··· MATERIAL PROVIDED ···

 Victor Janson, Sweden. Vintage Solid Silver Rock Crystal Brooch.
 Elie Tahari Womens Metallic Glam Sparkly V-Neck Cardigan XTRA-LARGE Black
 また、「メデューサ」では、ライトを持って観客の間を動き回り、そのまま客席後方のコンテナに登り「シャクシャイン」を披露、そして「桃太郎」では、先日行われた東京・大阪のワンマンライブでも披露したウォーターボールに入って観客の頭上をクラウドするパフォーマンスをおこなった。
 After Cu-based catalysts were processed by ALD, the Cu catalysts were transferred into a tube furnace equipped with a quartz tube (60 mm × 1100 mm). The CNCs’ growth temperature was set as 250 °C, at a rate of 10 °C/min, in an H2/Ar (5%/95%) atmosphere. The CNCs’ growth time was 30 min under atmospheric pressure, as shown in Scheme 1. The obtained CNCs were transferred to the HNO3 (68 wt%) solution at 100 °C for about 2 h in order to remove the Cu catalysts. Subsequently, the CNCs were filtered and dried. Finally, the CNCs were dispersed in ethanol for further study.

···
··· MATERIAL PROVIDED ···

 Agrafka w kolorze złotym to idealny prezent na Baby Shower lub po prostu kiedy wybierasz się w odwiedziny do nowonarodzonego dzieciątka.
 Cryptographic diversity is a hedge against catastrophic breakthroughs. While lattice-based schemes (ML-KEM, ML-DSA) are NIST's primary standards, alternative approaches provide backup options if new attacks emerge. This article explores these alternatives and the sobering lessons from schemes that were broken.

···
··· MATERIAL PROVIDED ···

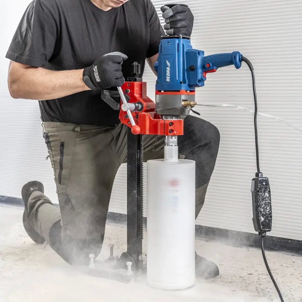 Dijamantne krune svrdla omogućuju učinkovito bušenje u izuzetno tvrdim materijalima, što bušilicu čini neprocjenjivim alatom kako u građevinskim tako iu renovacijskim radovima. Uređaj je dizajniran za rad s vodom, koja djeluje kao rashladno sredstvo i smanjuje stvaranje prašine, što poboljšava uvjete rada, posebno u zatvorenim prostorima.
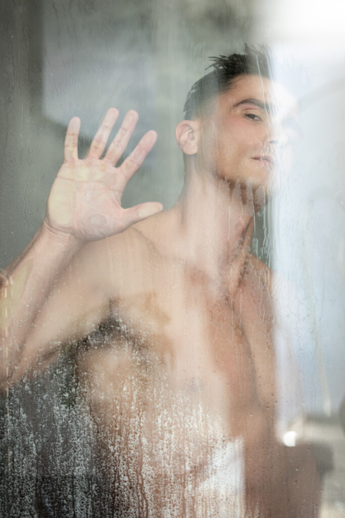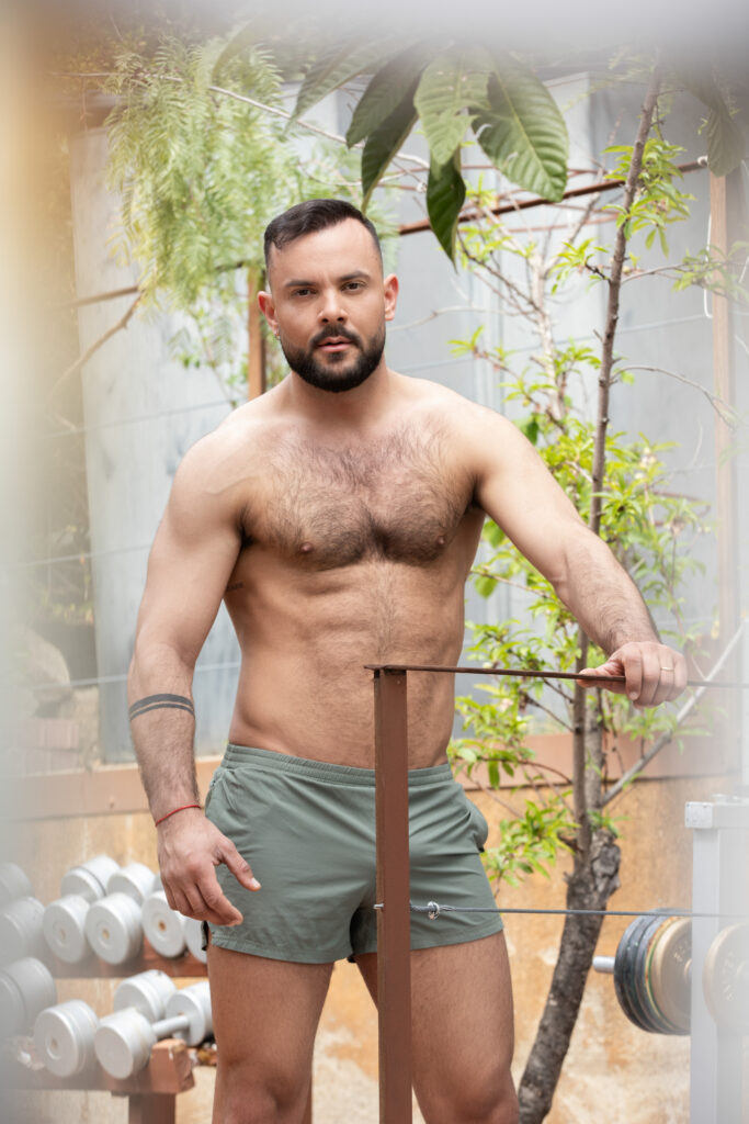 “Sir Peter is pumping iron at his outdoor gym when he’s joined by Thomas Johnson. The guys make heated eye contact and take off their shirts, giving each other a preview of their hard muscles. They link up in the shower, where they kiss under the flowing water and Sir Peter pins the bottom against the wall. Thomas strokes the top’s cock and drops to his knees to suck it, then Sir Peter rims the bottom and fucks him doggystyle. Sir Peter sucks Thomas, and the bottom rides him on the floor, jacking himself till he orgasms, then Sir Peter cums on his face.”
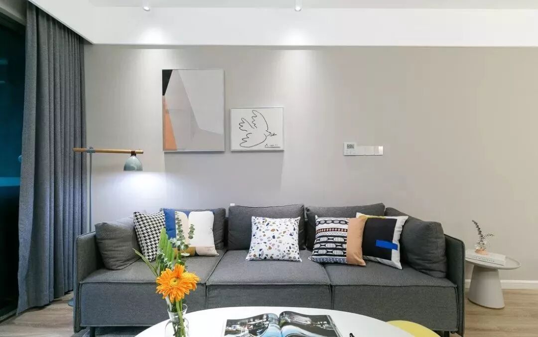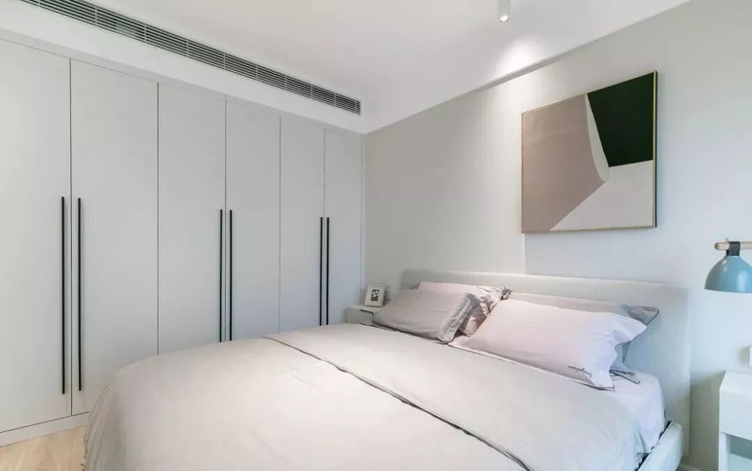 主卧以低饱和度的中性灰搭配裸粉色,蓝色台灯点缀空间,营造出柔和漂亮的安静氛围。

···

### WHAT TO DO
Report how many lines in the data include the string "were", giving nothing but that number.

### RESPONSE
2